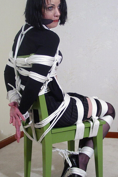 54 images: Chair tie struggle ... even her black high heel pumps are tightly secured to the straight back chair ... poor baby
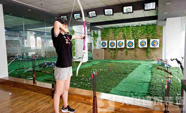 射擊場設備專業裝修大氣又精細,可以滿足人們多種多樣的需求。在射擊場中間安裝著綠色的軟皮材料,柔軟而清新,白色的線條和綠色搭配和諧又美觀。各個射擊展位中間分隔著鐵藝的圍欄,可以保持各個射手之間的安全距離。在射擊場的盡頭擺放著大小一致的靶子,天花板上則安裝著一些藍色和黃色相間的小旗。
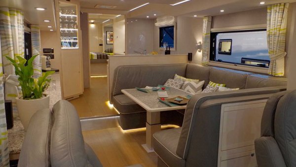 Салонът на туристическата машина е доста луксозен, като само премиум аудио системата Burmester струва около 300 000 евро. Наличен е електрически отварящ се шкаф а посуда, а кухнята е както в една къща - с индукционни котлони, фурна, микровълнова печка, хладилник, миялна машина и дори машина за еспресо. Като опция се предлага и луксозен винен охладител.
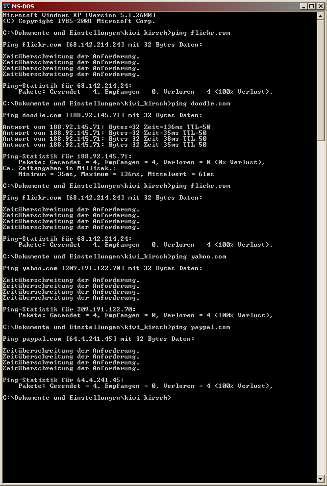 ich komm nicht mehr an flickr.com, ich komm nur noch mit eeeeewig wartezeit an meine yahoo mail, doodle.com antwortet auch erst nach eeewigkeiten.. hab grad mal n paar auf firefox spackende seiten gepingt. HÄÄÄ? wassislos?
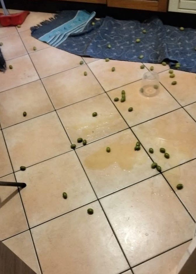 L’umana era appena tornata da fare la spesa e aveva lasciato sul tavolo della cucina un barattolo di olive, da cui aveva iniziato a piluccare. Ad un certo punto ignara del pericolo, si è allontanata lasciando quella meraviglia proprio lì a portata di zampa. Con un colpo da vero intenditore, ho infilato la zampa nella salamoia. Purtroppo, il barattolo è caduto e il pavimento della cucina si è trasformato in una pista scivolosa! L’umana avendo sentito il trambusto è arrivata in cucina ma io, maestro dell’improvvisazione, ho saputo trasformare il disastro in spettacolo: mi sono messo a rotolare nella salamoia come se fossi in un centro benessere per gatti!
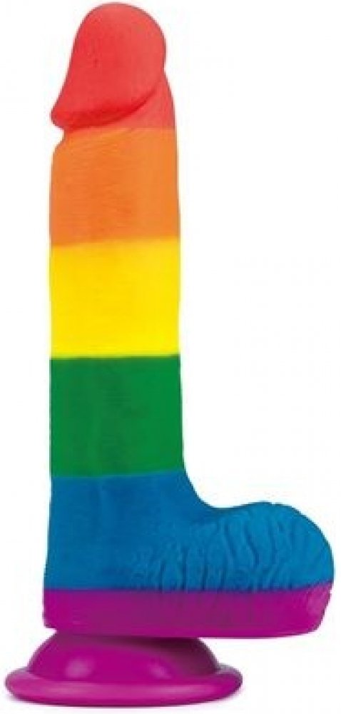 Duhové, rovné dildo s varlaty, z lékařského silikonu, opatřeno silnou přísavkou pro upevnění na hladký povrch. Celková délka 19 cm, použitelná délka 14,5 cm, průměr max. 3,5 cm.
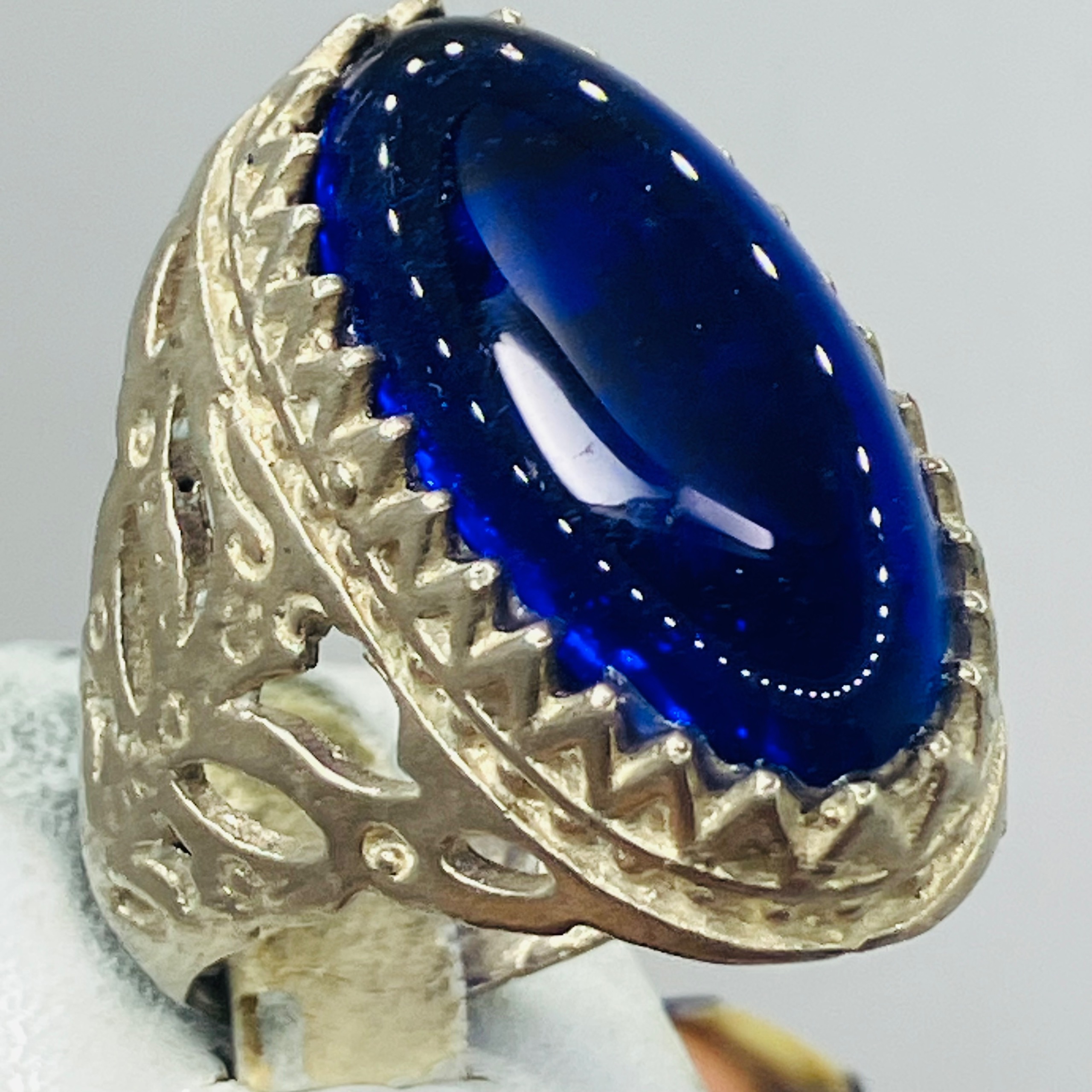 انگشتر یاقوت آبی زغالدار هندوستان معدنی

#####

■ Problem statement ■
Would you please print the entries once more, word for word, minus the pictures?

■ Solution to this task ■
 54 images: Chair tie struggle ... even her black high heel pumps are tightly secured to the straight back chair ... poor baby
 射擊場設備專業裝修大氣又精細,可以滿足人們多種多樣的需求。在射擊場中間安裝著綠色的軟皮材料,柔軟而清新,白色的線條和綠色搭配和諧又美觀。各個射擊展位中間分隔著鐵藝的圍欄,可以保持各個射手之間的安全距離。在射擊場的盡頭擺放著大小一致的靶子,天花板上則安裝著一些藍色和黃色相間的小旗。
 Салонът на туристическата машина е доста луксозен, като само премиум аудио системата Burmester струва около 300 000 евро. Наличен е електрически отварящ се шкаф а посуда, а кухнята е както в една къща - с индукционни котлони, фурна, микровълнова печка, хладилник, миялна машина и дори машина за еспресо. Като опция се предлага и луксозен винен охладител.
 ich komm nicht mehr an flickr.com, ich komm nur noch mit eeeeewig wartezeit an meine yahoo mail, doodle.com antwortet auch erst nach eeewigkeiten.. hab grad mal n paar auf firefox spackende seiten gepingt. HÄÄÄ? wassislos?
 L’umana era appena tornata da fare la spesa e aveva lasciato sul tavolo della cucina un barattolo di olive, da cui aveva iniziato a piluccare. Ad un certo punto ignara del pericolo, si è allontanata lasciando quella meraviglia proprio lì a portata di zampa. Con un colpo da vero intenditore, ho infilato la zampa nella salamoia. Purtroppo, il barattolo è caduto e il pavimento della cucina si è trasformato in una pista scivolosa! L’umana avendo sentito il trambusto è arrivata in cucina ma io, maestro dell’improvvisazione, ho saputo trasformare il disastro in spettacolo: mi sono messo a rotolare nella salamoia come se fossi in un centro benessere per gatti!
 Duhové, rovné dildo s varlaty, z lékařského silikonu, opatřeno silnou přísavkou pro upevnění na hladký povrch. Celková délka 19 cm, použitelná délka 14,5 cm, průměr max. 3,5 cm.
 انگشتر یاقوت آبی زغالدار هندوستان معدنی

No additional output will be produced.